Lalit Kishore Choudhary, 47, the head of the Indian operations of Graziano
Transmissioni, a manufacturer of car parts that has its headquarters in
Italy, died of severe head wounds on Monday after being attacked by scores
of laid-off employees, police said. The incident, in Greater Noida, followed
a long-running dispute between the factory’s management and workers
demanding better pay and permanent contracts.
It is understood that Mr Choudhary, who was married with one son, had called a
meeting with more than a hundred former employees who had been dismissed
after an earlier outbreak of violence at the plant. He wanted to discuss a
possible reinstatement deal.
A police spokesman said: “Only a few people were called inside. About 150
people were waiting outside when they heard someone from inside shout for
help. They rushed in and the two sides clashed. The company staff were
heavily outnumbered.”
Other executives said that they were lucky to escape with their lives. “I
locked my door from inside and prayed they would not break in. See, my hands
are trembling even three hours later,” one Italian consultant told
reporters.
More than 60 people were arrested and more than 20 were in hospital yesterday.
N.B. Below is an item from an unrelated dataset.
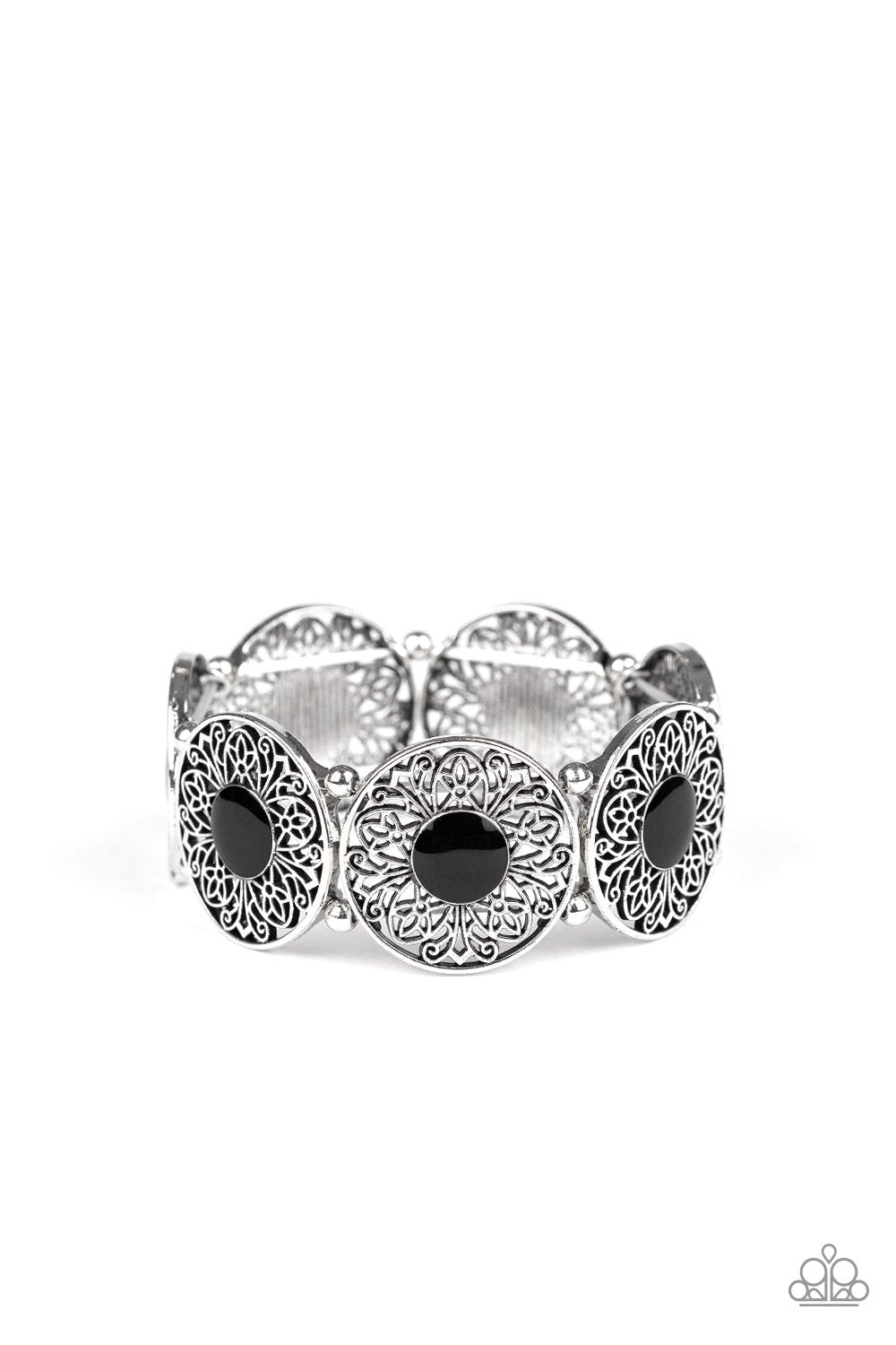 Frilly silver petals bloom from a painted black center, creating a colorful flower. Infused with dainty silver beads, the shiny flower frames are threaded along stretchy bands around the wrist for a whimsical look.

A spokesman for the Federation of Indian Chambers of Commerce and Industry
said: “Such a heinous act is bound to sully India’s image among overseas
investors.”
The murder has stoked fears that outbreaks of mob rule risk jeopardising the
sub-continent’s economic rise. Thousands of violent protesters recently
forced Tata, the Indian conglomerate that owns Land Rover and Jaguar, to
halt work on a plant being built to produce the world’s cheapest car, the
£1,250 Nano. The move could result in £200 million in investment costs being
written off.
Tata stopped work three weeks ago, saying that it could not guarantee its
workers’ safety at the factory in the state of West Bengal. The billionaire
industrialist Mukesh Ambani said that the Nano crisis showed how protesters
were creating “a fear psychosis to slow down certain projects of national
importance”. Other companies, including Vedanta, the London-listed mining
company, have encountered similar problems in India.
In a statement issued from Rivoli,Italy, Graziano said that some of Mr
Choudhary’s attackers had no connection with the company.